Watson had an in-person meeting with the league Sept. 7. The NHL does not have a specific policy relating to domestic abuse.
Watson will be eligible to return Nov. 15 when the Predators will be in Arizona. Watson missed all of training camp. He's allowed to practice with the team and use its facilities during his punishment, which will cost him more than $241,000 of his $1.1 million salary.
NHL Commissioner Gary Bettman called Watson's behavior "unacceptable" upon handing out the original punishment.
The Predators said they "worked closely" with the NHL during its investigation. Team management also said it never considered cutting ties with Watson, but rather working with him and his girlfriend, adding that the length of the suspension was never a concern for them.
"That was the furthest thing from my mind," general manager David Poile said after Watson's original suspension. "All the conversation was with Austin, (his girlfriend) and the baby and whatever we could do to help improve their lives and their situation. I couldn’t care less about the suspension.

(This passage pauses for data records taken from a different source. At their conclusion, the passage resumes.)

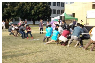
学長杯スポーツ大会～綱引き みんな力が入りました！
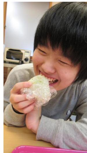
(2)-⑤放課後等デイサービス事業所はばたき 【おにぎりを作ろう（クッキング体験）】
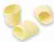
MEZZI PACCHERI A, conf. 500 g
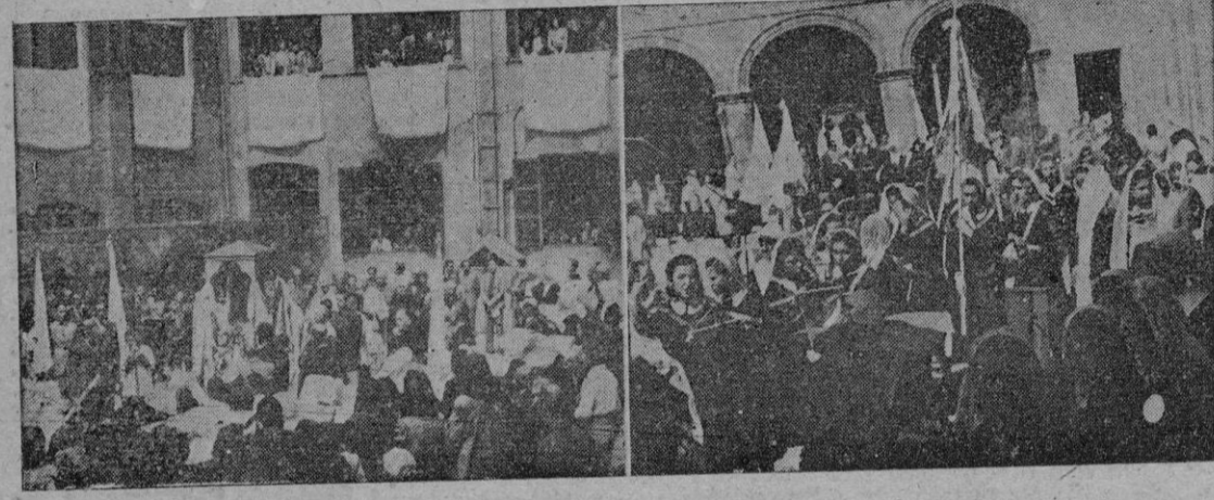
La imagen de la Virgen en uno de los patios del Hospital y en el de la Misericordia.
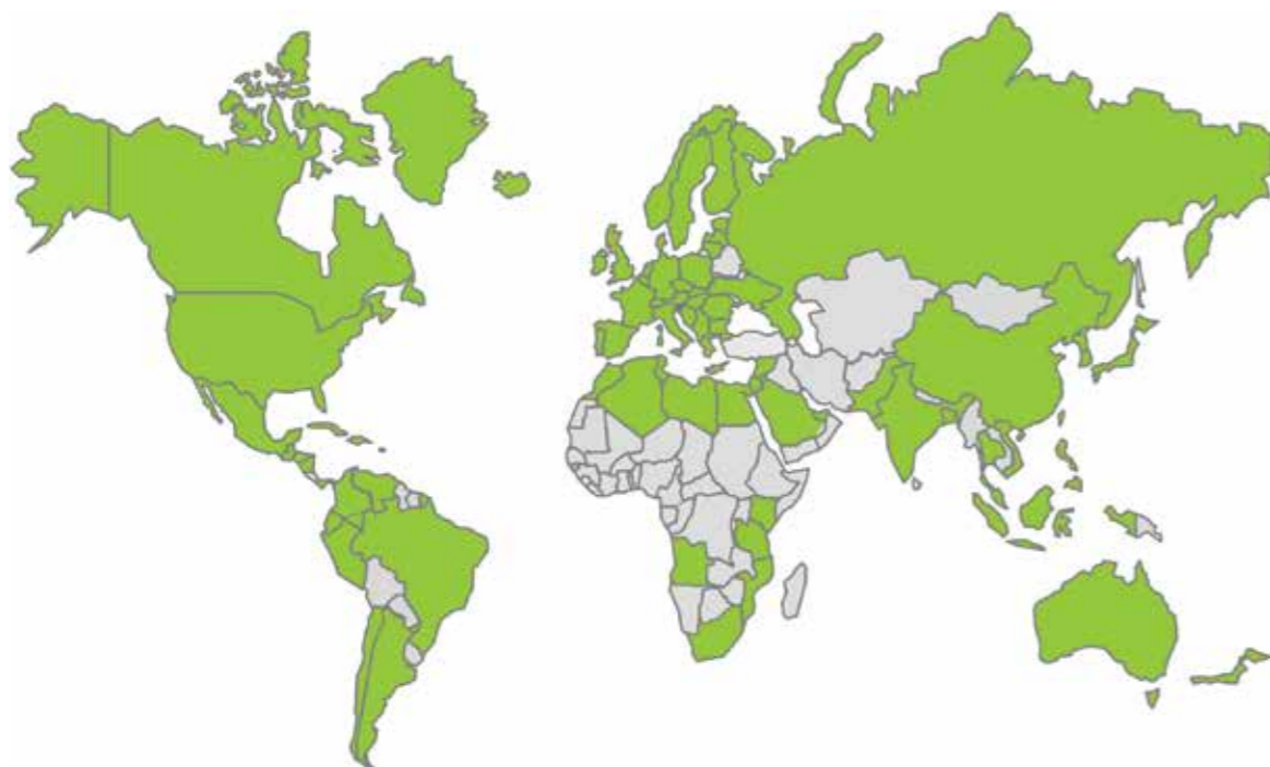
Mappa indicative dei Paesi dotati di LMR o di Import Tolerance per Boscalid (Aggiornamento dicembre 2015)

Mappa dei Paesi in cui è possibile esportare vini prodotti con uve protette con Cantus
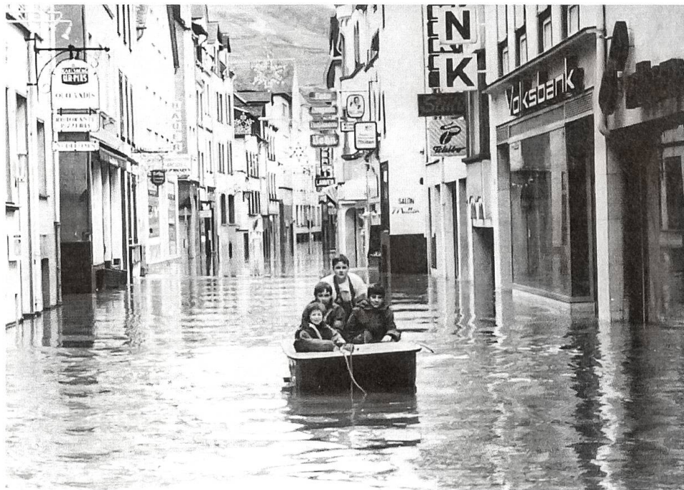
Schwere Überschwemmungen in Deutschland, Frankreich, Holland und Belgien Kurz vor Weihnachten 1993 führen diese Hochwasser zu Millionenschäden und zu zahlreichen Evakuierungen. Unser Bild zeigt eine überschwemmte Geschäftsstrasse in Köln.

Der östliche Teil von Europa, seit einigen Jahren glücklich dem sowjetischen Joch entronnen, laboriert nach wie vor an der umständelhafter äusserst schwierigen Normalisierung der
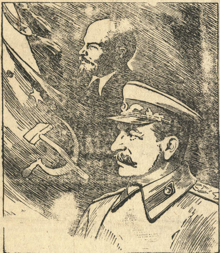
ПОД ЗНАМЯМ ЛЕНИНА, ПОД ВОДИТЕЛЬСТВОМ СТАЛИНА — ВПЕРЕД К НОВЫМ ПОБЕДАМ!

В народное хозяйство вливается большое пополнение из демобилизованных воинов. Со всех концов страны идут вести о новых трудовых подвигах. Вдохновенный победный и величественный перспективами мирного строительства советский народ делает все для валежания ран войны, для дальнейшего укрепления воен-
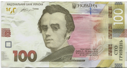
Рис. 7. Загальний вигляд лицьового боку банкноти номіналом 100 гривень зразка 2014 року, на якій відсутнє зображення палітри живописця
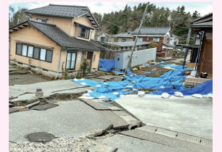
現地の被災状況の様子
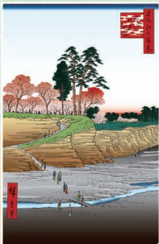
品川宿に接した高台「御殿山」は、江戸時代の代表的な花見の名所。その下を流れる目黒川から御殿山にかけて
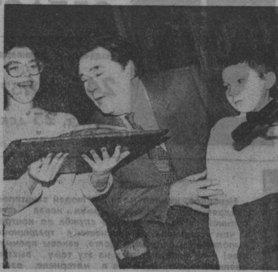
КузПИ — один из главных учреждений гимназии — оказал большую помощь и участие в организации праздника. Недавно между первыми руководителями двух этих учебных заведений был подписан договор о взаимном сотрудничестве. На презентации присутствовали спонсоры — представители производственного объединения «Азот» и «Сибхимэнерго». В честь праздника администрация города преподнесла гимназии подарок — 12 янских швейных машин. Для 450 мальчишек и девочек этот день надолго сохранится в памяти и своей торжественностью, и выступлениями артистов студенческого клуба, и приятным клятвы гимназистов, и угостением — сладкими пироженками. Отныне учащиеся школы № 23 будут именоваться гимназистами. М. ГОРИЮШИНА.

Никогда еще стенам Кузбасского политехнического института не приходило видеть такого звонкоглаголого и шумного народа. И студенты, и седые профессора с удивлением смотрели на резвящихся и разодетых в бирюзовую форму малышей и степенных в белоснежных блузах старшеклассников. Зато те с любопытством оглядывали высокие потолки, заглядывали в аудиторию, по-хозяйски расхаживали по коридорам и с удовольствием усаживались в широкие кресла автового зала, который — тоже впервые — встречал таких гостей. В этот день все было впервые. Впервые студенческий гимн «Гаудемус» был исполнен в этом храме науки первокурсниками. Впервые преподаватели института могли посмотреть на своих будущих студентов 2002 года — сегодня еще второклассников первой в городе Кемерово политехнической гимназии. Ее день рождения и пришло отмечать ребята. А
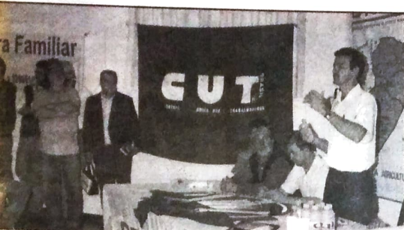
Diretor da FETRAF/SUL-CUT fala sobre a produção de alimentos da Agricultura Familiar

Organizada pela FETRAF/SUL-CUT (Federação dos Trabalhadores da Agricultura Familiar), que representa 245 municípios dos estados do Paraná, Santa Catarina e Rio Grande do Sul, a Caravana da Agricultura Familiar, foi realizada entre os dias 25 de julho e 2 de agosto, e teve o
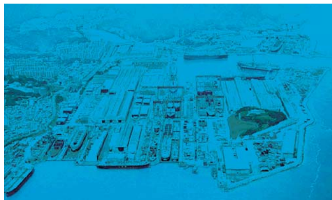
Slika 1 Panorama brodogradilišta Hyundai HI Ulsan [1] Figure 1 The panoramic view of Hyundai HI Ulsan shipyard
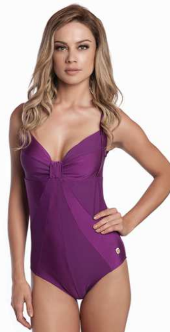
Pamela: 210-3200 Tam: 40 ao 50
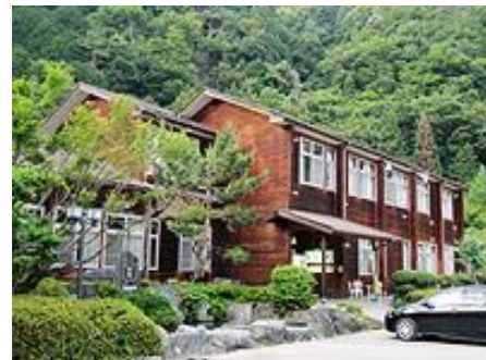
ヘルシー美里(旧早川北中学校校舎)

13:00 南アルプスプラザ(休憩) → 18:00頃 品川区役所 到着 ※凡例: → バス
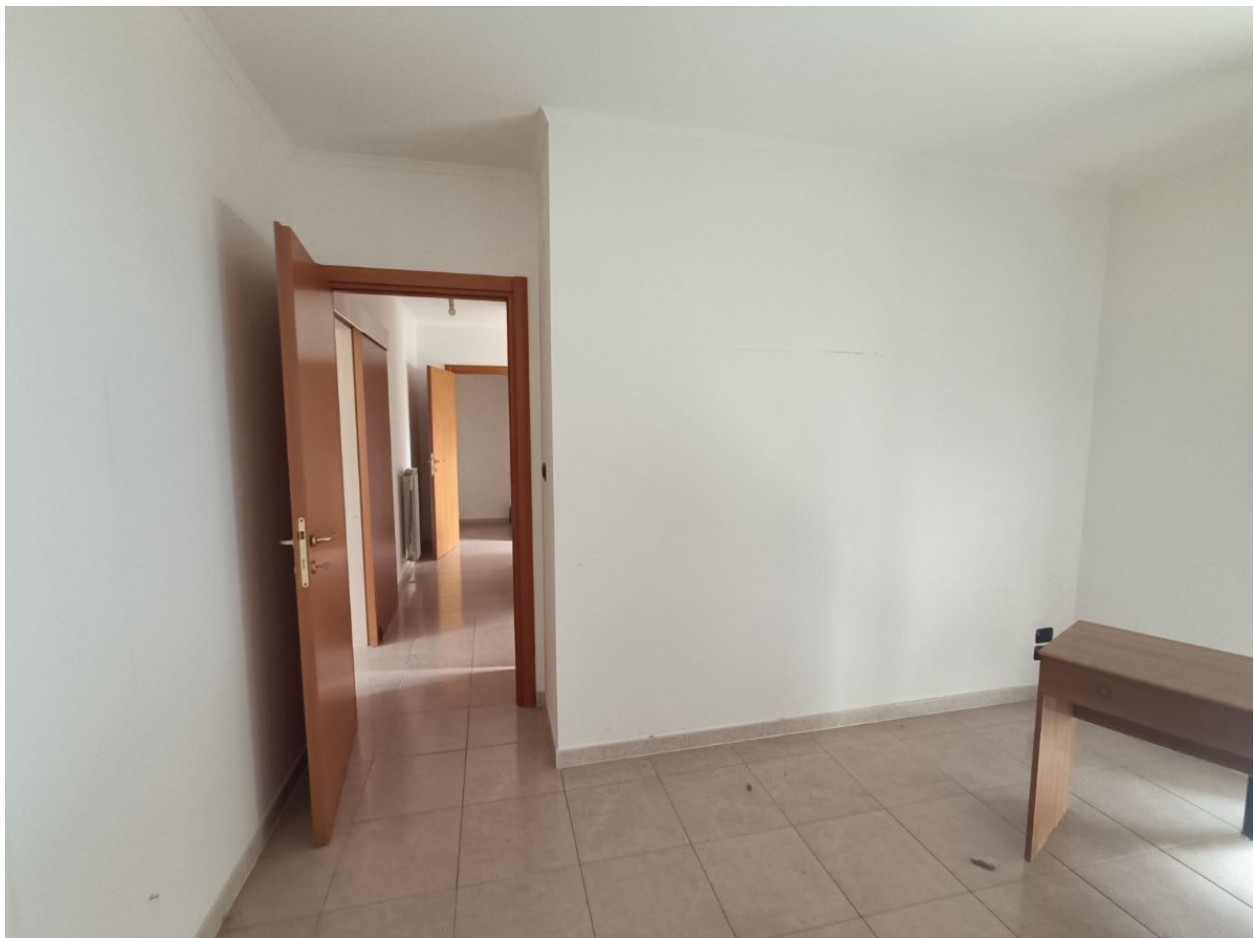
Immobile sito in Pescara alla Via di Sotto n.3/2, ai Piani quarto e quinto, Scala B, Palazzina B distinto al Foglio n.18 Particella n.2874 Sub. n.140. Piano quarto.
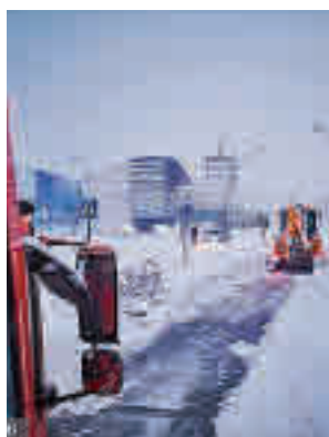
Nieve en Fuenlabrada

sea necesario, como se está haciendo desde días atrás debido a las bajas temperaturas registradas, sobre todo, a primera hora de la mañana mediante el reparto en 15 entonclaves. Operarios municipales distribuyen sal en las entradas de edificios públicos, como colegios, centros de salud y
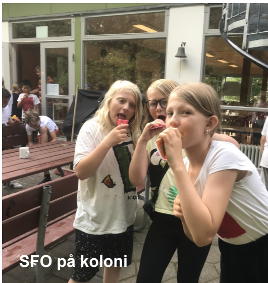
SFO på koloni
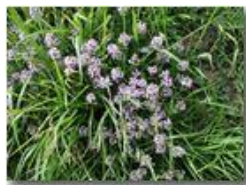
Variet di timo serpillio

Pietro Marcheselli - Olympus Camedia 3000 2004 - Estate - Savignone - Fiori&Fauna
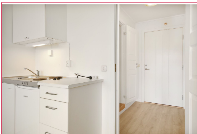
Kjøkkenet er utstyrt med kokeplater samt kjøskap.
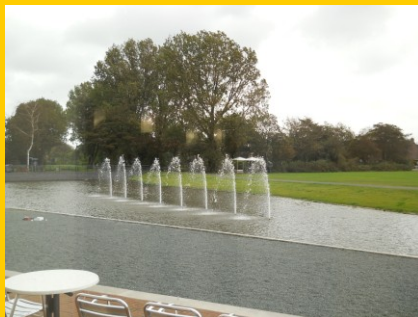
De nieuwe vijver achter het gemeentehuis

Verder is de vijver achter het nieuwe gemeentehuis nagezocht en de beek naar de sloot bij de kruising van de Zaalberglaan.
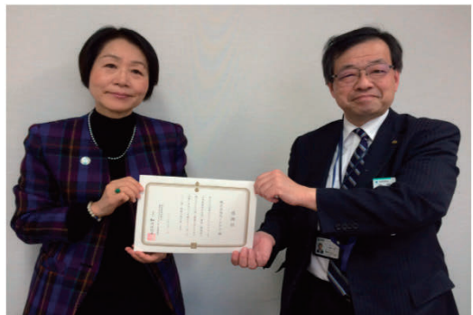
「世界の子どもにワクチンを」活動協力
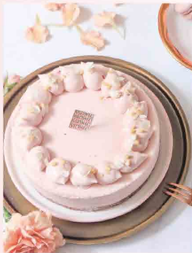
美麗好氣色/6吋 覆盆子巧克力慕斯蛋糕 售價780元 遠百獨家優惠價 成份：法國諾曼地乳源天然奶油、法國布列塔尼乳源乳酪、法國覆盆子果泥、100%可可粉、COCOABARRY 29%白巧克力 清輕美的覆盆子白巧克力慕斯，藏著酸甜華麗莓果及香甜可可蛋糕，外層佐上法國乳酪覆盆子，層次豐富交錯，給媽媽美顏好氣色！

Happy mother's day Mom makes life beautiful
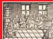
(10) Učiteľka prednáša ženám pri priadkach
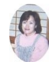
三四郎の女将さん。

『焼き鳥は追加一切できませんよ』って女将さんが言うから、なんて店だ！って思ったんだけど、出てきた焼き鳥をみてびっくり。バーベキューの肉みたいな大きさの、見たことない位大きな焼き鳥だった(笑)」。お店の主人もおかみさんもとっても粹な感じで、ここが大好きになり、毎年必ず行くようになったというお店です。
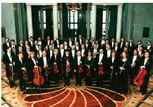
Sinfonia Varsovia au festival de Torroella
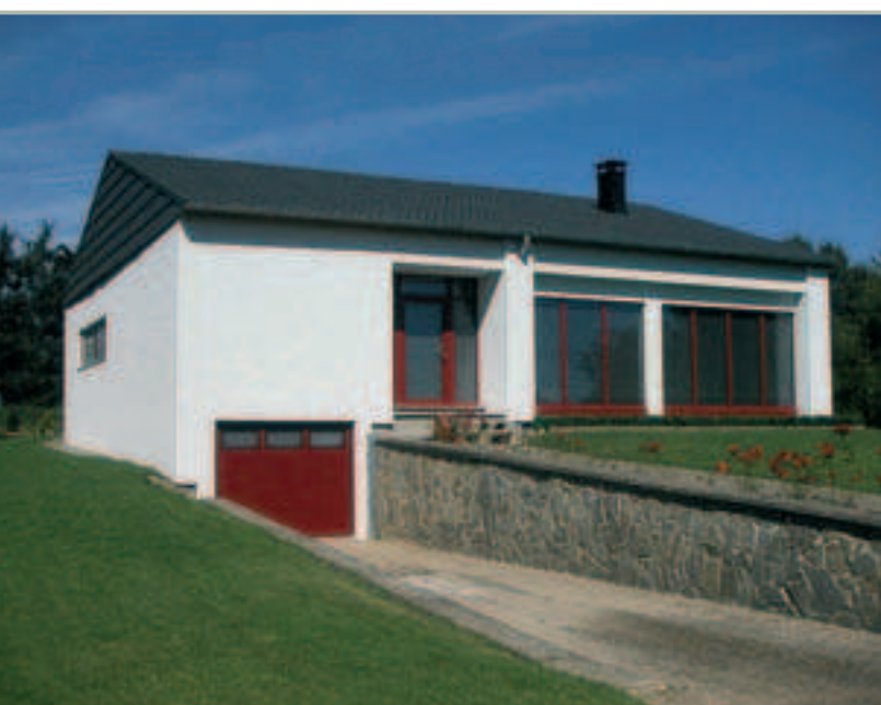
Rodinný dům po sanaci fasády systémem vinyTherm
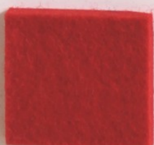
Rouge 6914 519
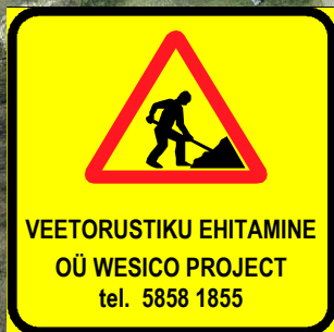
LM 595c, 900 x 900 mm

"We’re dealing with this as a family situation. It’s very complex. There’s (a) lot of layers I don’t know about, you don’t know about."
Predators CEO and President Sean Henry said the hockey aspect of the situation wasn't considered.
"We didn’t think about hockey," Henry said. "We didn’t think about the hockey player. We were thinking about the people involved, the investigation. The only conversations we had were about the people involved."
Watson, a fifth-year forward, had five goals and three assists in 13 playoff games last season, after posting 14 and five in 76 regular-season games.